I'm thinking of renaming the x, y, a, t1, etc. Spin registers to reg0, reg1, ... reg7. I would renumber the existing reg0, reg1, ... registers to reg8, reg9, etc. The original Spin interpreter names for the first 8 registers are not important, and may be confusing. Does that sound OK?
Bill, I did use the FCACHE for the FMul and FDiv routines. They would have been much slower without it. I originally planned on using the *FILL and *MOVE area of the Spin interpreter, but I decided to use the coginit and lock area instead. I didn't want ot move the *FILL and *MOVE code to LMM PASM and slow it down. There is also a constant defined in this code that can't be moved. I may consider for a later rev of the LMM interpreter.
BTW, we need a shorter term to refer to Spin + LMM PASM. I was thinking of using SpinLP. Does that sound OK? Any other suggestions for a shorter term?
Renaming the registers is good idea, you probably want to move t1 to another register·(prehaps reg7 (op2) or reg23 (was reg15)). The problem with reg23 is that then icall/ijmp doesn't work with fcache code so probably reg7.
doc looks good, couple of comments
typo·- FCALL section 'caledl'
fcache - you might want to make it clearer than you need a org cache_addr in the lmm pasm code and why
You might want to make a comment about waitcnt - to be careful about the delay number since instructions take '32' clocks rather than 4. ·
SpinLMM seems like a fine name. Postfixing LMM means it's an add-on rather than the basic architecture. Of course one could call it SpinOlay! to show the functional origin of LMM and the bravado of the performance enhancements.

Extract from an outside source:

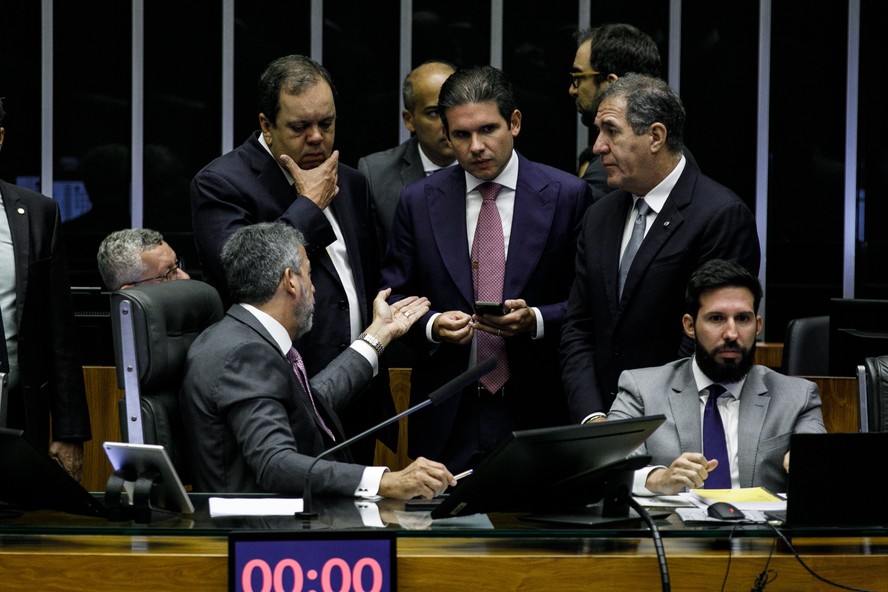 Plenário da Câmara dos Deputados presidida por Arthur Lira. Na foto: Hugo Motta e Elmar Nascimento. — Foto: Brenno Carvalho / Agência O Globo
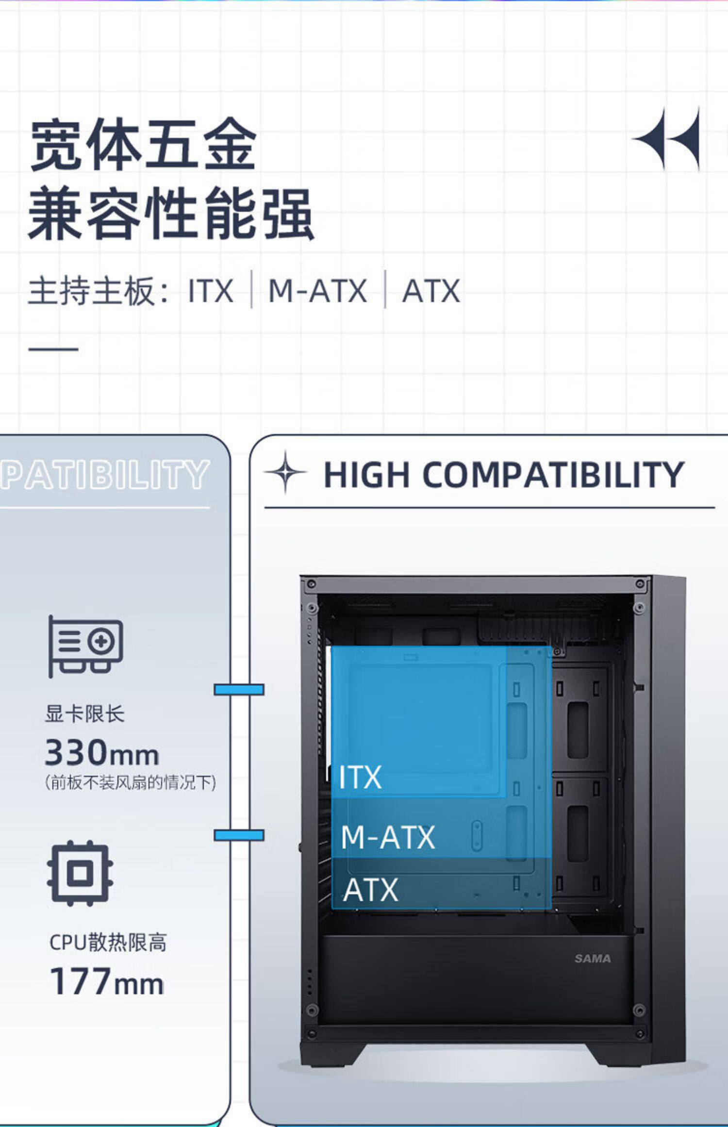 Сама (Сама) Светлая башня -поддержание ATX Motherboard 240 Water Cold Side Game Gaming

I converted this to PDF if You give permission I can post it in my post.
So You can attach it in OBX file
Regards
▔▔▔▔▔▔▔▔▔▔▔▔▔▔▔▔▔▔▔▔▔▔▔▔ Nothing is impossible, there are only different degrees of difficulty. For every stupid question there is at least one intelligent answer. Don't guess - ask instead. If you don't ask you won't know. If your gonna construct something, make it·as simple as·possible yet as versatile as posible.
jazzed said...
SpinLMM seems like a fine name. Postfixing LMM means it's an add-on rather than the basic architecture. Of course one could call it SpinOlay! to show the functional origin of LMM and the bravado of the performance enhancements.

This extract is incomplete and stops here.